I'm writing a server-side module for a Scala based project, and I need to find the fastest way to perform a weighted random number generation between some Int
weights. The method should be as fastest as possible since it will be called very often.
Now, this is what I came up with:
import scala.util.Random
trait CumulativeDensity {
/** Returns the index result of a binary search to find @n in the discrete
* @cdf array.
*/
def search(n: Int, cdf: Array[Int]): Int = {
val i: Int = cdf.indexWhere(_ != 0)
if (i<0 | n<=cdf(i))
i
else
search(n-cdf(i), {cdf.update(i,0); cdf})
}
/** Returns the cumulative density function (CDF) of @list (in simple terms,
* the cumulative sums of the weights).
*/
def cdf(list: Array[Int]) = list.map{
var s = 0;
d => {s += d; s}
}
}
And I define the main method with this piece of code:
def rndWeighted(list: Array[Int]): Int =
search(Random.nextInt(list.sum + 1), cdf(list))

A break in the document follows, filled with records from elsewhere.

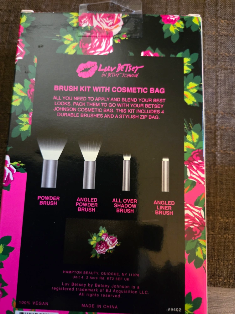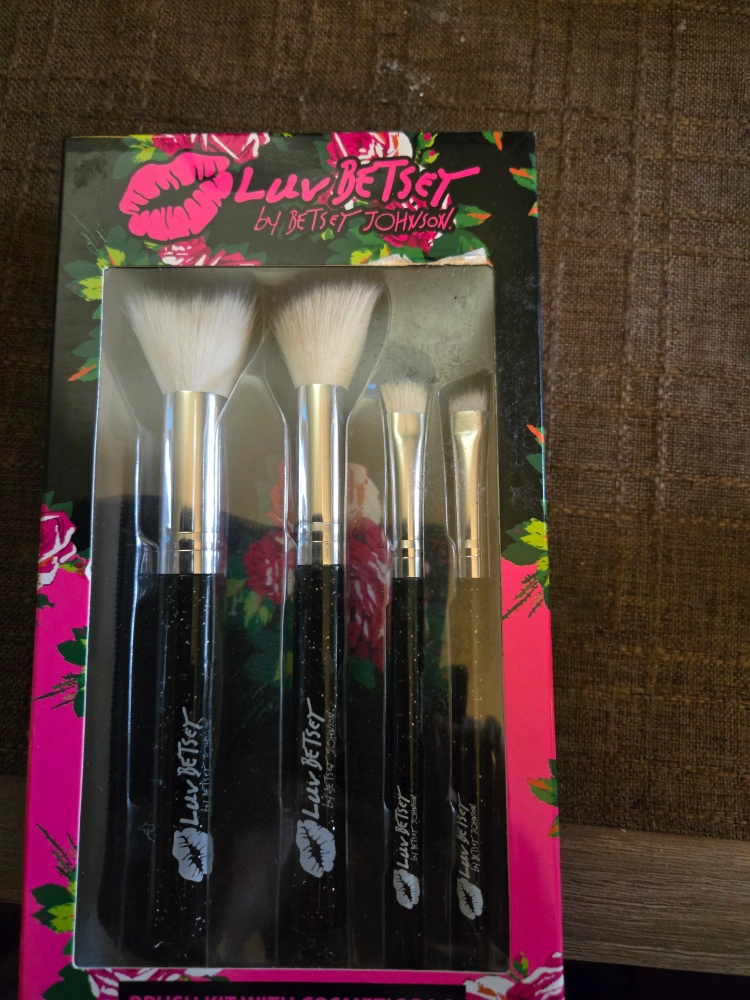 New brush kit with cosmetic bag. Includes four brushes: powder, angled powder, all-over shadow, and angled liner.
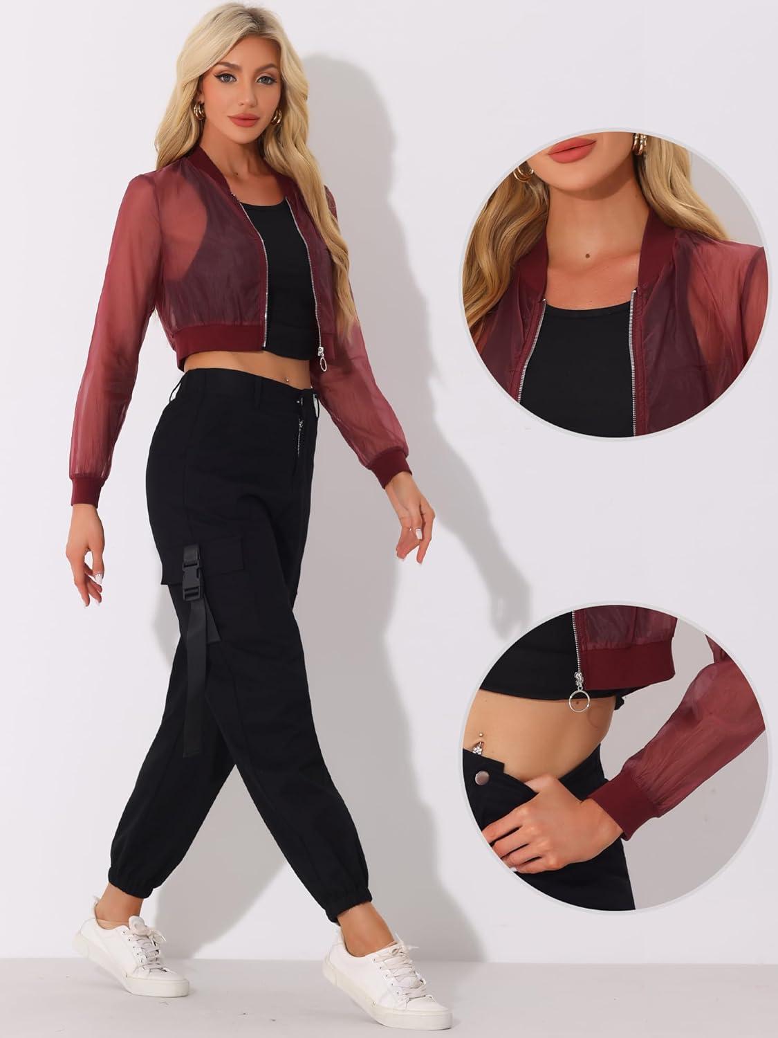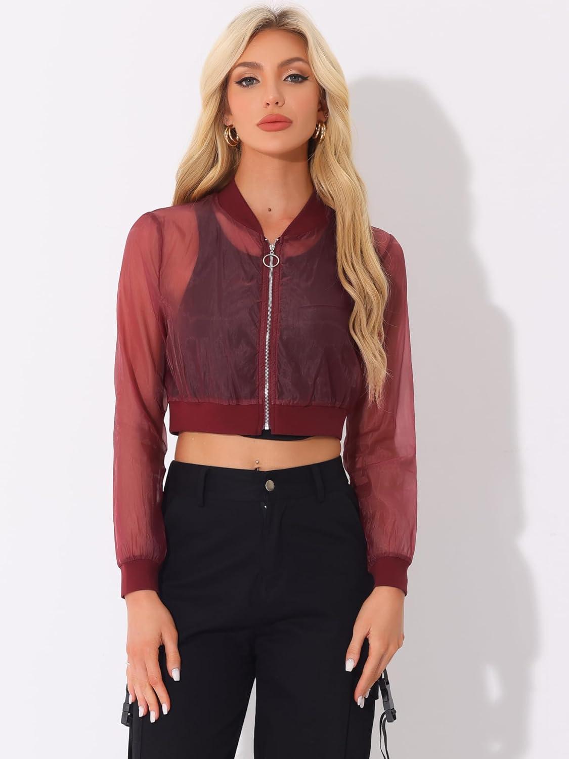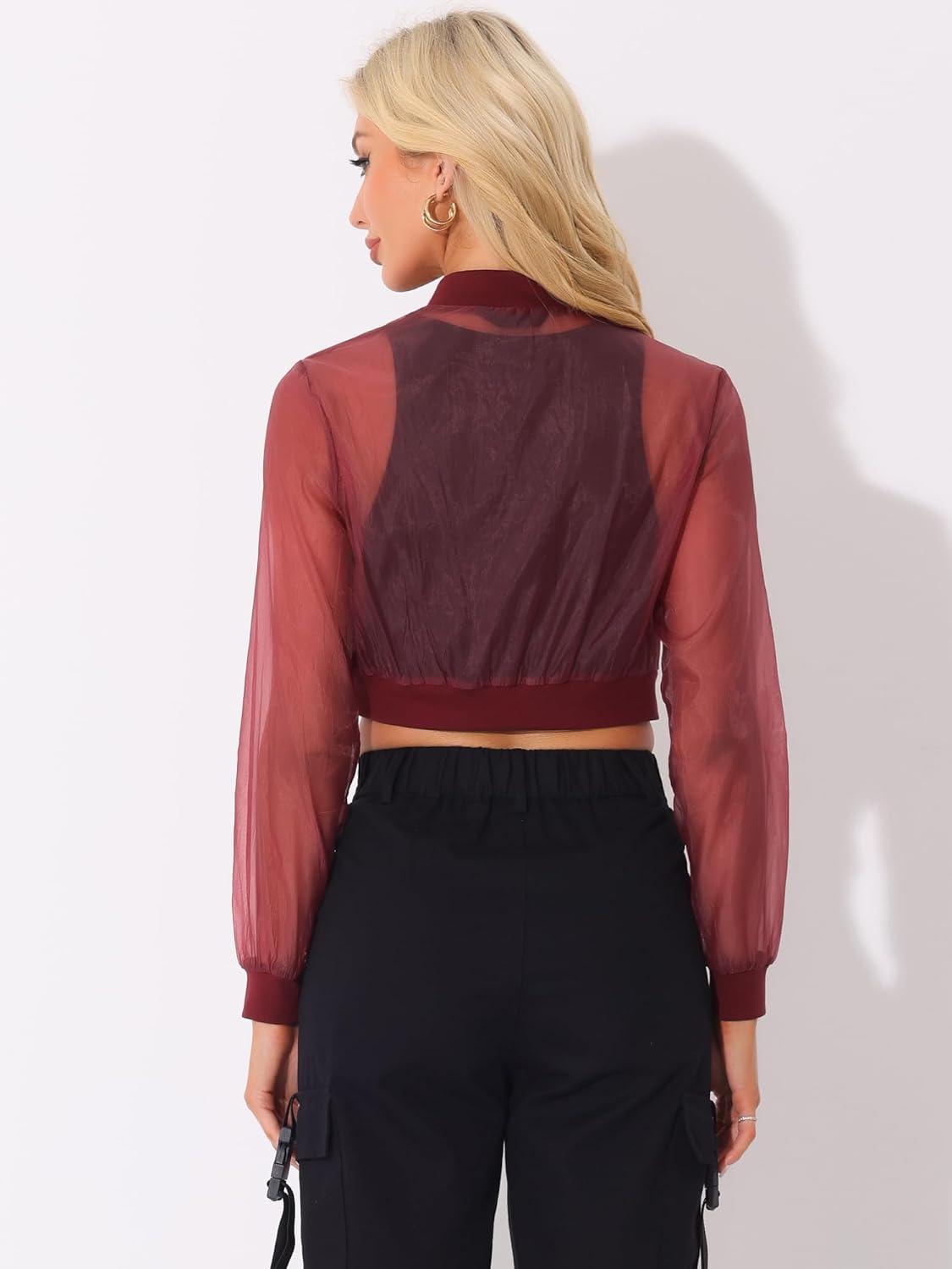 Allegra K Bomber Crop Jacket for Women’s Sheer Mesh Lightweight Long Sleeve Jackets(Burgundy)
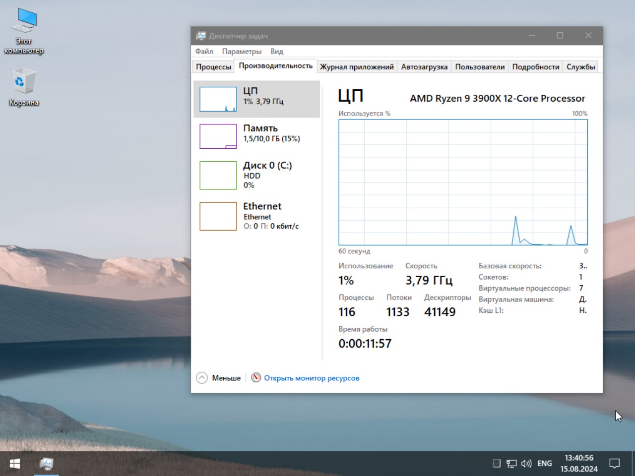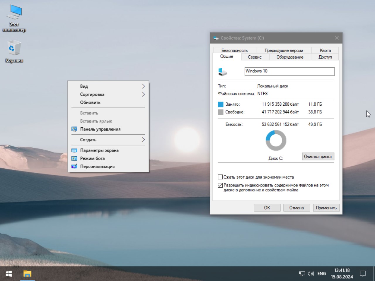 После установки операционная система запускается без необходимости ввода ключа, с уже активированной лицензией Pro. Пользователь получает стандартный рабочий стол с минимальным количеством изменений, но с рядом улучшений. Контекстное меню дополнено пунктом «Режим Бога», дающим быстрый доступ ко всем настройкам Windows. Поиск работает исправно, интернет подключается автоматически благодаря встроенным драйверам для сетевых адаптеров и Wi-Fi (включая Realtek, Intel, AMD, NVIDIA). Для видеокарт автоматически определяются базовые драйверы, но для полной функциональности рекомендуется установить актуальные версии вручную. Видеоплеер, калькулятор и просмотрщик фотографий заменены на аналоги из Windows 7 для стабильности. Экран блокировки лишен эффектов размытия, интерфейс остается лаконичным и быстрым.
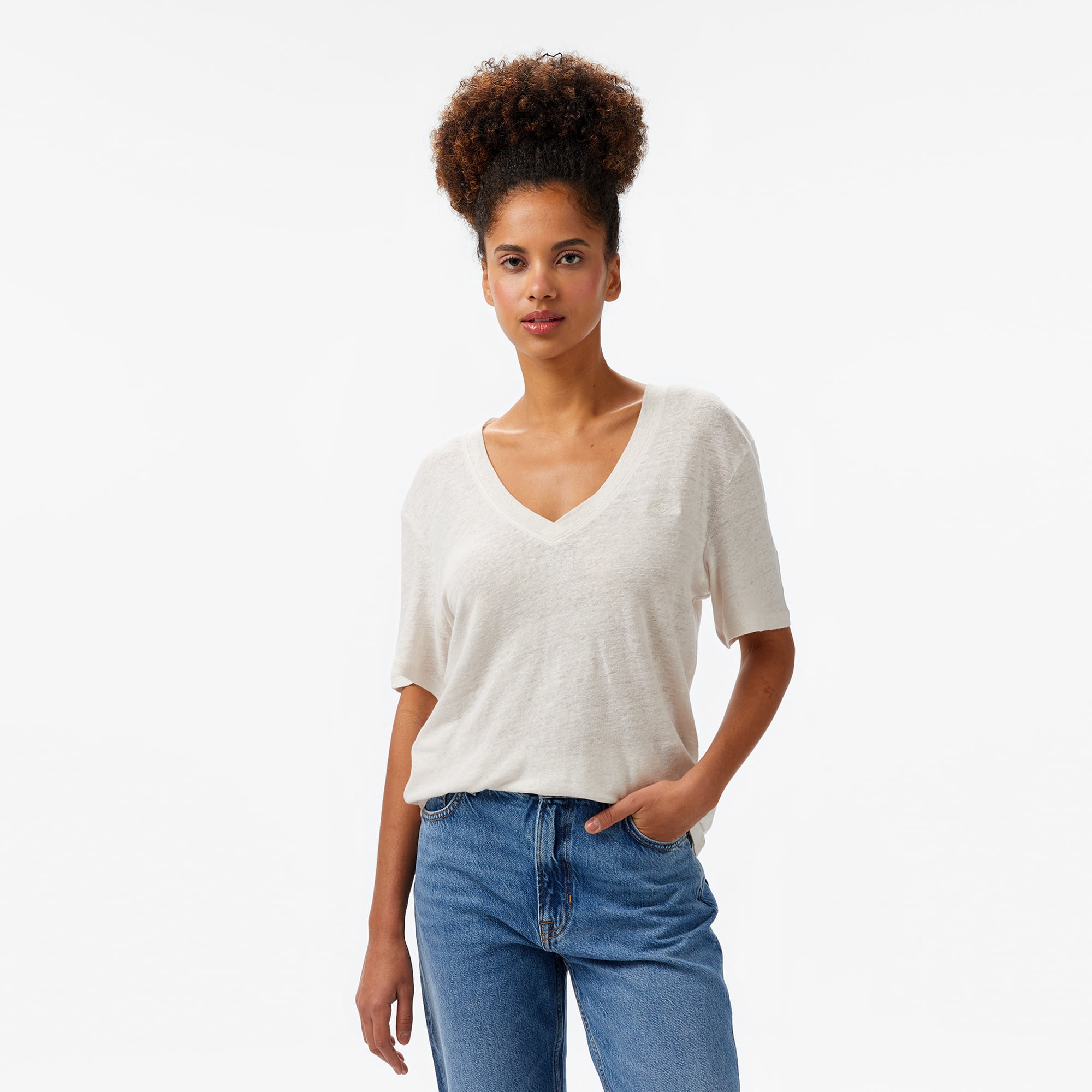 Boss Kadın T-Shirt, şıklığı ve rahatlığı bir araya getirerek günlük stiline zarif bir dokunuş katıyor. Hafif ve yumuşak kumaşı sayesinde gün boyu konforu seninle buluşturuyor. Modern V yaka tasarımı ve salaş kesimiyle hem sportif hem de şık bir görünüm elde etmeni sağlıyor.
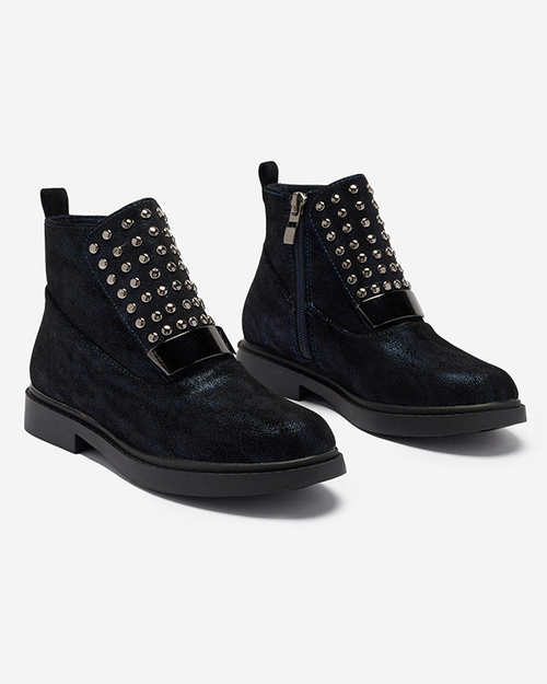 Mädchenstiefel mit dekorativem Schaft in Marineblau Leisla - Schuhe
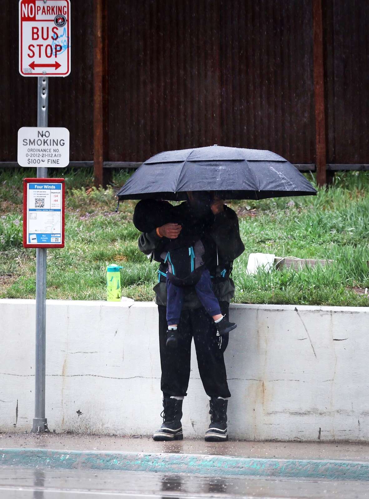 Umbrellas came out in Durango on Wednesday as a spring storm moves through the area with snow falling in the higher elevations. (Jerry McBride/Durango Herald)
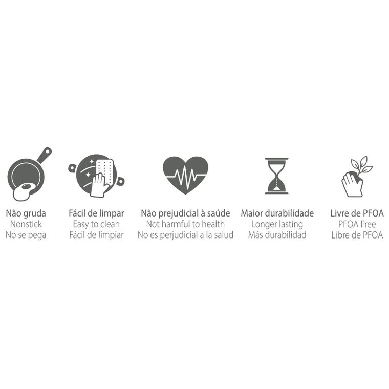 - Corpo de alumínio com espessura de 1,6 mm que proporciona cozimento rápido e uniforme.
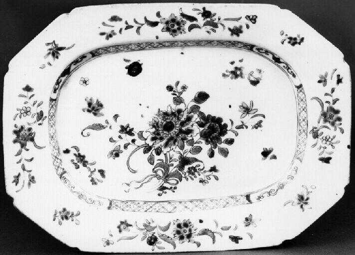 Plat long de style compagnie des Indes, à décor floral (motif centré, entouré de plus petits motifs). Liseré quadrillé sur le pourtour extérieur du bassin
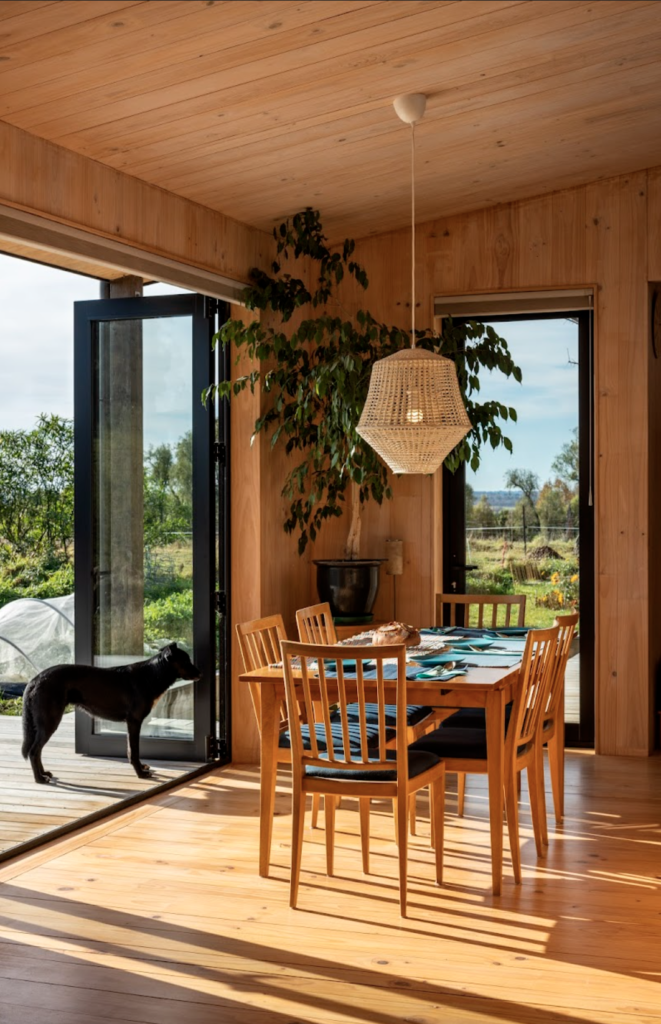 A 150m² off-grid home for two on Waiheke Island. Birdlife abounds; vegetables are grown and harvested on site year-round.
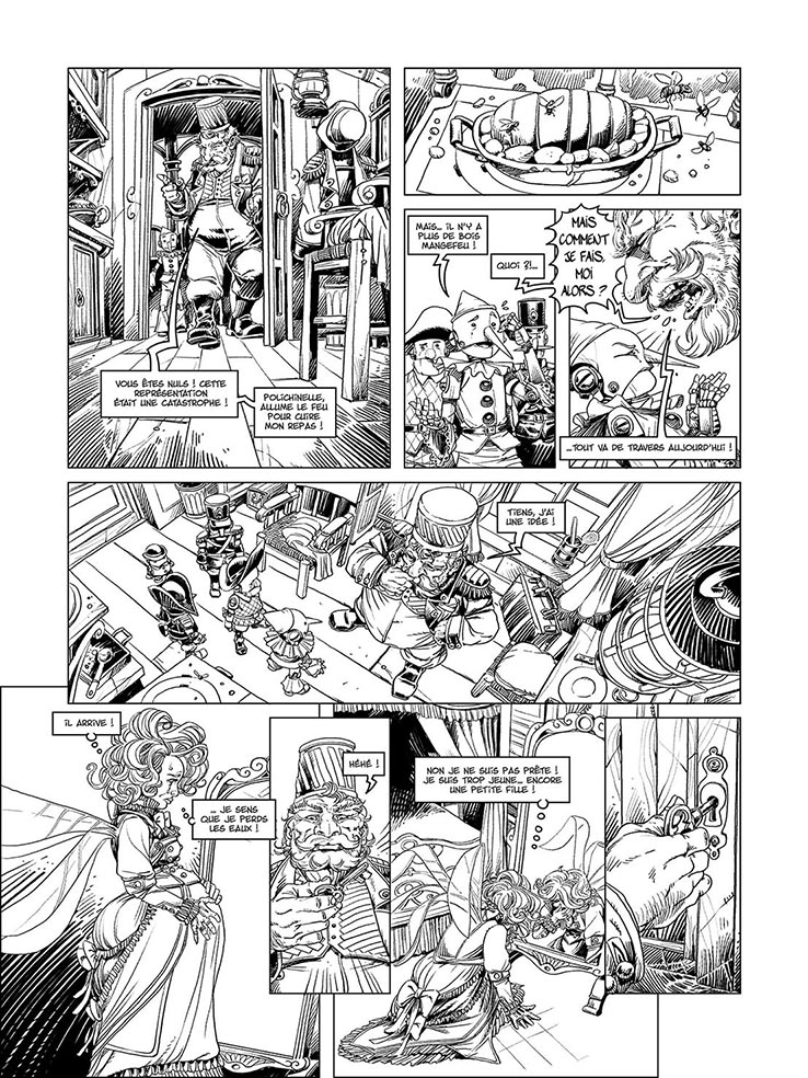 Elle respecte en partie la narration en Z, parce que les cases renvoient par leur dynamique interne à la case suivante, et elle respecte la règle des 180°, parce que la fée est toujours à gauche du miroir, dans toute la séquence, et Mangefeu (le gros barbu) est toujours à droite des marionnettes.

However, it still isn't fast enough. Is there any kind of black magic that makes unnecessary to iterate over the list since its start (libraries, built-ins, heuristics)?
EDIT: this is the final version of the code (much faster now):
def search(n: Int, cdf: Array[Int]): Int = {
if (n > cdf.head)
1 + search(n-cdf.head, cdf.tail)
else
0
}